Exercise requirements:
Line by line, transcribe the data below exactly and pass over the images.

[Start of Attachment]

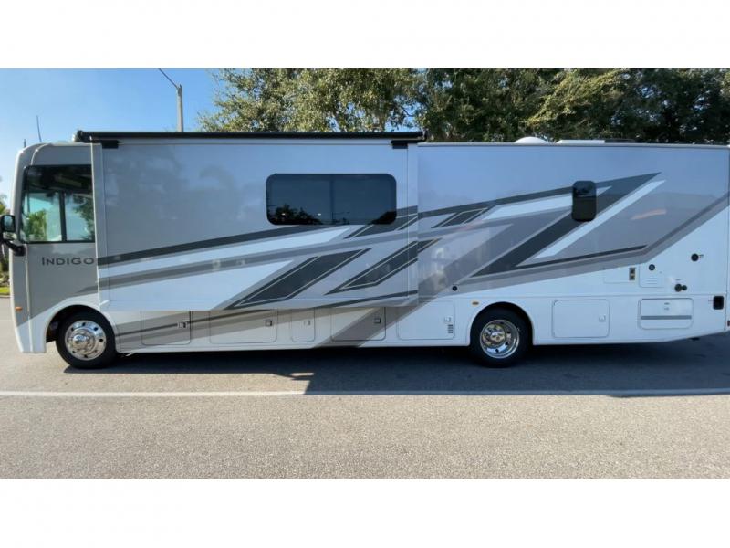 There's something for everyone in the Thor Motor Coach Indigo Class A gas motorhome! Built on the Ford F-53 chassis, with family-friendly designs and features that will make your life easier, these are worth considering. The 7.3L PFI V8 engine offers 335HP and 468 lb.-ft. of torque for power you can rely on, and the one-piece domed roof membrane is ultra durable. Residential vinyl flooring throughout is comfortable and easy to care for, while the solid surface countertops make your kitchen look great. Multiple TVs means there's no fighting over what to watch, and the Winegard ConnecT 5.0 Wi-Fi extender will help keep you connected as you camp. Each model also includes a 300-watt solar charging system, dual 13,500 BTU roof A/C units, a tankless water heater, and many more hassle-free amenities!
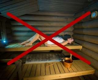 Так же важно сидеть с ногами на скамейке (в идеале – лежать), чтобы тело нагревалось равномерно. Перед посещением парной можно слегка обмыться под душем, но обязательно вытереться насухо. Нельзя плескать воду на каменку. Если очень сухо, дозволяется аккуратно полить деревянные стены парилки:
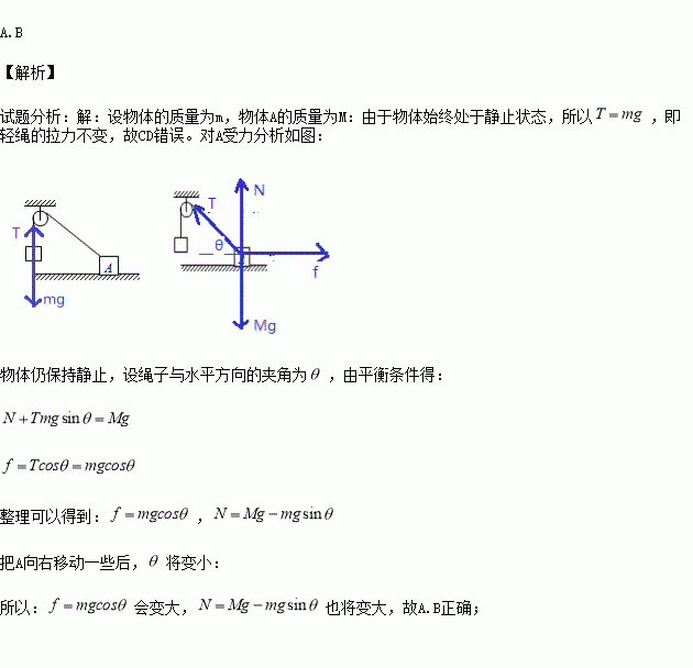 如图所示,放在水平面上的物体A用轻绳通过光滑定滑轮,连接另一个物体,并处于静止。这时A受到地面的弹力为N,摩擦力为f,若把A向右移动一些,并仍静止,则( )
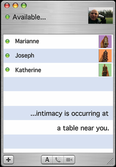 Intimate Architectures is a series of Instant Messaging performances which culminated with Connecting, a 3-channel, 4-city performance which streamed live on April 1, 2005 at www.debalie.nl/connecting.
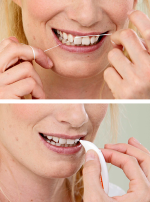 Lassen Sie sich von Ihrem Zahnarzt oder Ihrer Dentalhygienikerin zeigen, welches Hilfsmittel für Sie am besten geeignet ist.
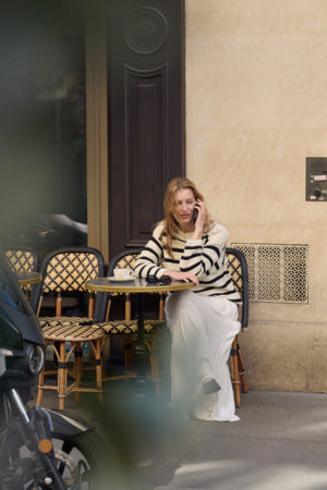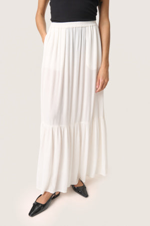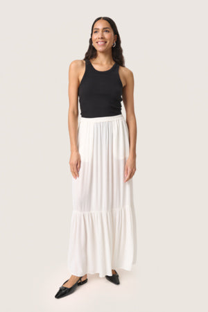 Maxikjol, volangkant, resår i midjan, fast underkjol. Kombinera med Susanna-tröja eller stickad topp .
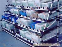 流水装配线中转货架特点:塑料涂覆管,可以通过标准连接件组成任意种类的器具,安装和拆卸容易,是一种柔性的工位器具系统。制成品结实耐用,耐腐蚀。特殊材料可以实现防静电功能。多种配件选择,扩展使用功能。功能:货架移动方便,流动作业,货物自动滑移,配合零件周转箱应用。

[End of Attachment]

Solution for this task:
 There's something for everyone in the Thor Motor Coach Indigo Class A gas motorhome! Built on the Ford F-53 chassis, with family-friendly designs and features that will make your life easier, these are worth considering. The 7.3L PFI V8 engine offers 335HP and 468 lb.-ft. of torque for power you can rely on, and the one-piece domed roof membrane is ultra durable. Residential vinyl flooring throughout is comfortable and easy to care for, while the solid surface countertops make your kitchen look great. Multiple TVs means there's no fighting over what to watch, and the Winegard ConnecT 5.0 Wi-Fi extender will help keep you connected as you camp. Each model also includes a 300-watt solar charging system, dual 13,500 BTU roof A/C units, a tankless water heater, and many more hassle-free amenities!
 Так же важно сидеть с ногами на скамейке (в идеале – лежать), чтобы тело нагревалось равномерно. Перед посещением парной можно слегка обмыться под душем, но обязательно вытереться насухо. Нельзя плескать воду на каменку. Если очень сухо, дозволяется аккуратно полить деревянные стены парилки:
 如图所示,放在水平面上的物体A用轻绳通过光滑定滑轮,连接另一个物体,并处于静止。这时A受到地面的弹力为N,摩擦力为f,若把A向右移动一些,并仍静止,则( )
 Intimate Architectures is a series of Instant Messaging performances which culminated with Connecting, a 3-channel, 4-city performance which streamed live on April 1, 2005 at www.debalie.nl/connecting.
 Lassen Sie sich von Ihrem Zahnarzt oder Ihrer Dentalhygienikerin zeigen, welches Hilfsmittel für Sie am besten geeignet ist.
 Maxikjol, volangkant, resår i midjan, fast underkjol. Kombinera med Susanna-tröja eller stickad topp .
 流水装配线中转货架特点:塑料涂覆管,可以通过标准连接件组成任意种类的器具,安装和拆卸容易,是一种柔性的工位器具系统。制成品结实耐用,耐腐蚀。特殊材料可以实现防静电功能。多种配件选择,扩展使用功能。功能:货架移动方便,流动作业,货物自动滑移,配合零件周转箱应用。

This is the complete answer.